Real-world projects are actively experimenting with different blockchain architectures based on their specific needs. Examples include dYdX moving from Ethereum to a Cosmos-based appchain for more customization, Celo transitioning from an L1 to a rollup for improved scalability, and Helium migrating to Solana to focus on their core application without the overhead of maintaining their own blockchain. These migrations demonstrate the ongoing evolution and experimentation in the blockchain space.

What is the "good enough" principle in blockchain performance, and how does it relate to cloud computing?

The "good enough" principle suggests that for many blockchain applications, achieving the absolute highest performance is less critical than other factors like ease of use, network effects, or development speed. This principle is drawn from observations in cloud computing, where many businesses opt for solutions that are "good enough" in terms of performance and cost, rather than constantly optimizing for maximum efficiency. This concept challenges the notion that blockchain systems always need to prioritize maximum performance over other considerations.

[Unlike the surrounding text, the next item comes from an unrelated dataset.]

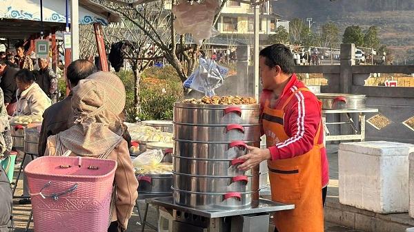 苗服摊位旁,夫妻俩一边缝制着各类服饰,一边向顾客介绍着各类产品;包子铺蒸汽氤氲,现烤的饵块,刚出炉的荞粑粑,总围满“先尝后买”的乡邻。方寸摊位虽小,却盛满生计与温情。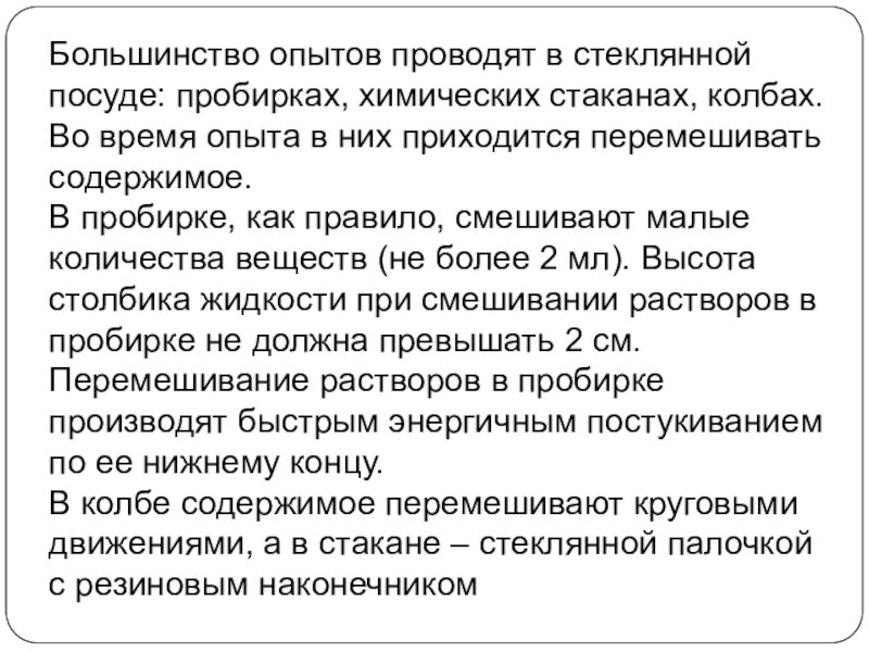 В пробирке, как правило, смешивают малые количества веществ (не более 2 мл). Высота столбика жидкости при смешивании растворов в пробирке не должна превышать 2 см. Перемешивание растворов в пробирке производят быстрым энергичным постукиванием по ее нижнему концу.

How does Solana balance integrated architecture with modular flexibility?

Solana exemplifies an integrated architecture that also incorporates modular elements. While its core design is tightly integrated for high performance, Solana supports multiple client implementations, allowing for some degree of modularity. The platform is also evolving to support more modular components, such as Solana rollups and the ability to host other blockchain environments. This approach allows Solana to maintain its high performance while still benefiting from the innovation and resilience that comes with more modular designs.

What are the key differences between Fluent and Monad's approaches to blockchain scalability?

Fluent and Monad represent two different approaches to blockchain scalability. Fluent is developing a ZK-WASM Layer 2 solution on Ethereum, focusing on bringing general-purpose programming languages to the Ethereum ecosystem through WebAssembly. This approach aims to improve scalability and flexibility within the existing Ethereum framework. Monad, on the other hand, is building a monolithic, EVM-compatible Layer 1 blockchain with parallel execution, aiming to achieve high performance (10,000 TPS) while maintaining compatibility with existing Ethereum tools and applications. Both projects seek to improve scalability, but through different architectural choices.

How might modular and integrated blockchain architectures converge in the future?

As the blockchain industry matures, there's potential for convergence between modular and integrated architectures. This could involve integrated systems adopting more modular components for flexibility, while modular systems may standardize interfaces for better interoperability. The future may see hybrid approaches that combine elements of both designs, optimized for specific use cases. This convergence could lead to blockchain solutions that offer the performance benefits of integrated systems along with the flexibility and innovation potential of modular architectures.